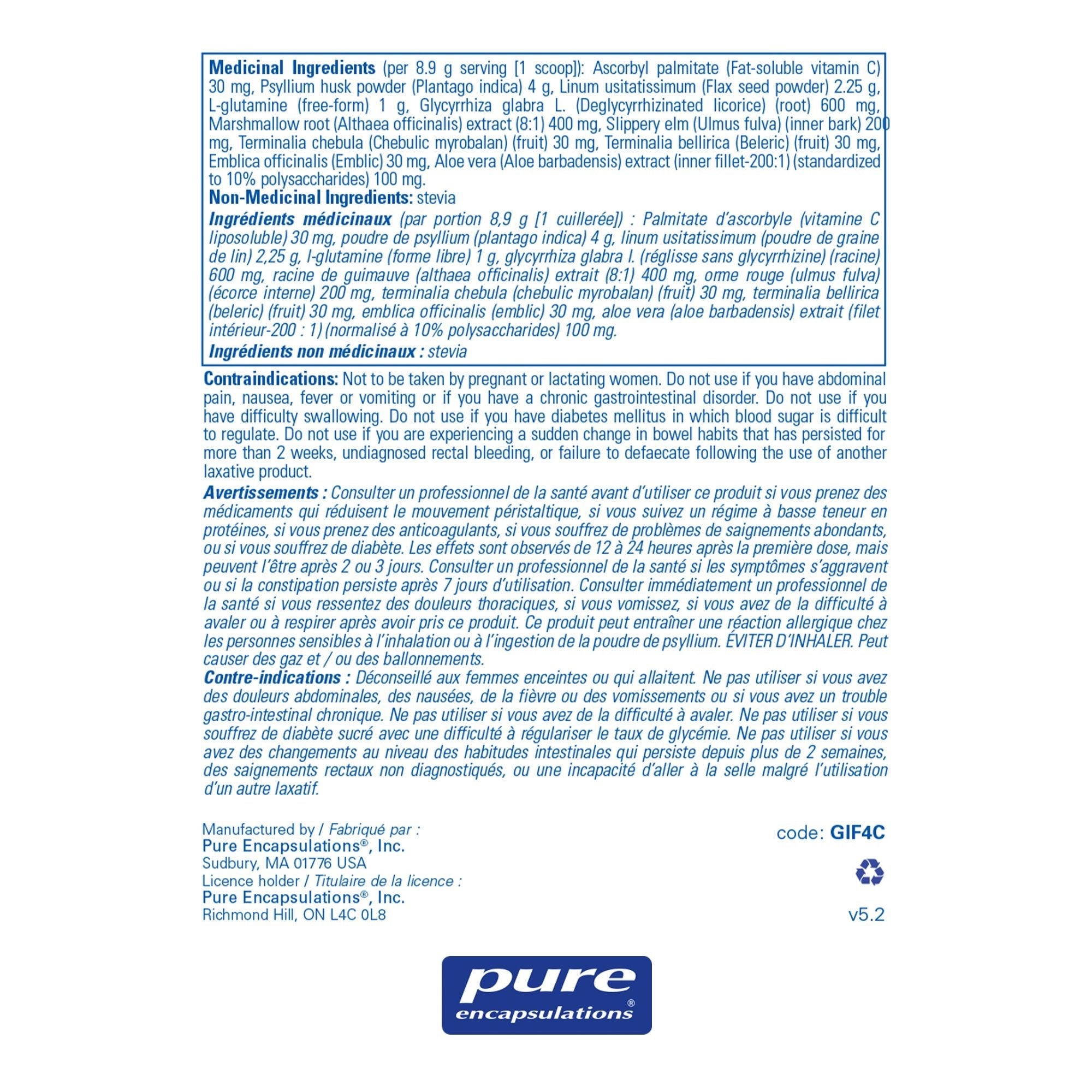 Blend of high-impact fibre, herbs and nutrientsG.I. Fortify provides comprehensive relief for constipation. Psyllium, or Plantago ovata, is a valued source of soluble fibre. Soluble fibre absorbs water to form a gel, increasing stool volume when taken with appropriate amounts of water to promote larger and softer stools for healthy bowel movements. As the bulk moves through the intestine, it also aids in collecting and eliminating other waste and toxins from the intestinal walls. Soluble fibre is fermented slowly in the colon by intestinal microflora, which further contributes to increased fecal mass. The fermentation process produces short chain fatty acids (SCFAs), which offer beneficial effects for healthy colon cell function as they are important energy sources for the colon and may regulate colonic transit. Furthermore, SCFAs maintain an acidic intestinal environment, providing optimal conditions for a healthy intestinal microflora. Flax is an additional source of soluble fibre, and also contains fatty acids and lignans. G.I. Fortify also contains the amino acid l-Glutamine, plus a combination of deglycyrrhizinated licorice (DGL), aloe, slippery elm and marshmallow root. Additionally, it includes an equal proportion of three fruit extracts, Terminalia chebula, Terminalia bellirica and Emblica officinalis, which have a long traditional history of use in the Ayurvedic medicine Triphala, literally translated as “three fruits.
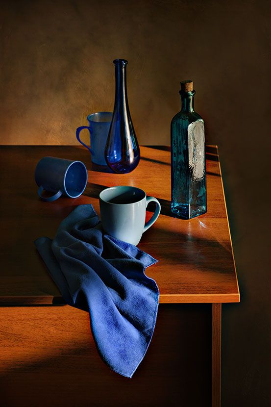 c синей посудой
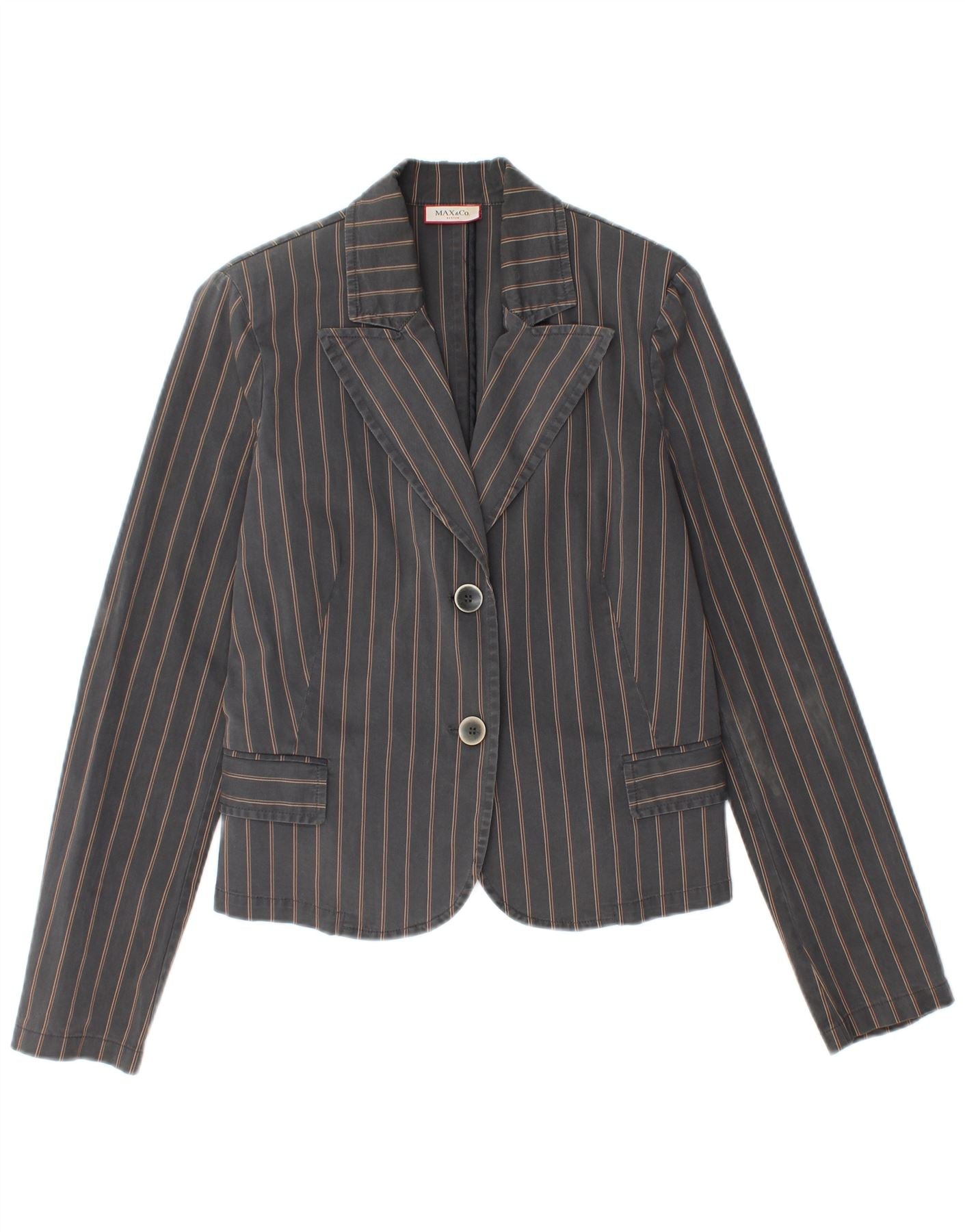 MAX & CO. Chaqueta tipo blazer activa de 2 botones para mujer UK 44 Gris medio a rayas
+-------+
ABOUT THIS EXERCISE>
Provide a precise transcription of the listing, excluding each picture.

RESPONSE AREA>
 Blend of high-impact fibre, herbs and nutrientsG.I. Fortify provides comprehensive relief for constipation. Psyllium, or Plantago ovata, is a valued source of soluble fibre. Soluble fibre absorbs water to form a gel, increasing stool volume when taken with appropriate amounts of water to promote larger and softer stools for healthy bowel movements. As the bulk moves through the intestine, it also aids in collecting and eliminating other waste and toxins from the intestinal walls. Soluble fibre is fermented slowly in the colon by intestinal microflora, which further contributes to increased fecal mass. The fermentation process produces short chain fatty acids (SCFAs), which offer beneficial effects for healthy colon cell function as they are important energy sources for the colon and may regulate colonic transit. Furthermore, SCFAs maintain an acidic intestinal environment, providing optimal conditions for a healthy intestinal microflora. Flax is an additional source of soluble fibre, and also contains fatty acids and lignans. G.I. Fortify also contains the amino acid l-Glutamine, plus a combination of deglycyrrhizinated licorice (DGL), aloe, slippery elm and marshmallow root. Additionally, it includes an equal proportion of three fruit extracts, Terminalia chebula, Terminalia bellirica and Emblica officinalis, which have a long traditional history of use in the Ayurvedic medicine Triphala, literally translated as “three fruits.
 c синей посудой
 MAX & CO. Chaqueta tipo blazer activa de 2 botones para mujer UK 44 Gris medio a rayas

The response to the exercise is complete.